夢に出てきた人たち(25日目)

昨晩はひどくいろんな夢を見た。
目覚めてすぐに全ての脈絡は失われて、断片的な場面がちらちらと浮かぶだけだ。
テナントに書店が入っている大規模タワーマンションに住んでいたり、SCP財団のような異常オブジェクトの管理業務をしていたりしていたのはうっすら覚えている。

もうひとつ覚えているのは、知人が3人出てきたことだった。

ひとりは大学時代からの友人。当時一番仲の良かったひとりだったのに、卒業後なんとなく没交渉になっていたが、少し前からまた縁が繋がってたまに飲む関係に戻れた。没交渉になるきっかけは自分の無神経な一言だったんじゃないかと思っているが、お互いそれを口にしたことはない。

もうひとりは、所属していたコミュニティでハラスメント加害者になっていたと言われる人。本人にその自覚が一切なく、注意深く観察したつもりでもそういうハラスメント行為を直接観測することはできなかったが、被害を訴える人は確かに存在した。結局その人は無自覚なままコミュニティを去った。

最後のひとりは、そのコミュニティ内でいっとき親友と呼べるくらい仲が良かった人。ある時期からなぜかきつく当たられるようになり、そのあと色々人間関係がこじれきってほぼ完全に断絶してしまった。よほどのことがないともう関係は戻らないと思う。

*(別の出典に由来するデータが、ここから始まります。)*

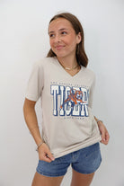 BEST SELLER! Gear up for gameday in our favorite v-neck tee! The soft wash and exclusive design make this tee an absolute must-have for cheering on the Auburn Tigers this season!
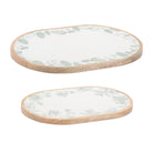 Wood Mushroom and Floral Print Tray (Set of 2)

その3人がなぜか仲よさそうにコンビニで買い物をしている場面があった。
夢の中でも自分はそれを見ながら「なんでこの3人が一緒にいるんだ?」と思っていた。
すべての不自然が自然と受け入れられる夢の中でさえ、その光景は不自然なもので、でも絶対に夢の中でしか見ることのできない光景でもあった。

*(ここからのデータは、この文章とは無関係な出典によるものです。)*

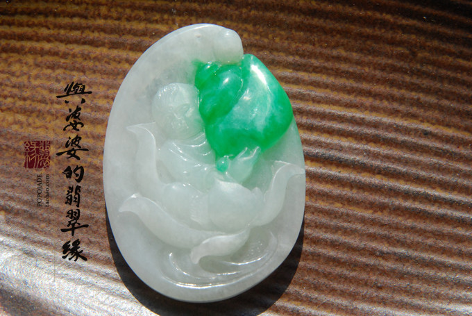 何为福宝?童子手奉的那一抹艳绿,绿到你的心里你、脑海里,无疑是整块挂件最具价值的部分,也是翡翠最珍贵的颜色!

目覚めてからも、なんとなくその光景が胸に引っかかっている。
引っかかっている棘は、すべてのわだかまりが消えたユートピアへの憧憬なのか、その後にくるだろう崩壊への恐れなのか。
3人全員、おれとしてはあまりシンプルでない感情を抱いている相手だから当たり前かもしれない。
でもなんだか、奇妙な、行き場の見つからない切なさにずっと囚われている。

夢というのは、PCでいうデフラグだとか、ディスクのクリーンアップみたいなものなのかもしれない。
記憶の貯蔵庫に眠っている光景の整理と処分。
夢で見る光景はその歪んだプレビューだ。
目覚めたあとも覚えているのは残す記憶、忘れてしまうのは消す記憶だったりするのだろうか。
それを判断できるのは、自分自身の意識でなく無意識なのだろうけど。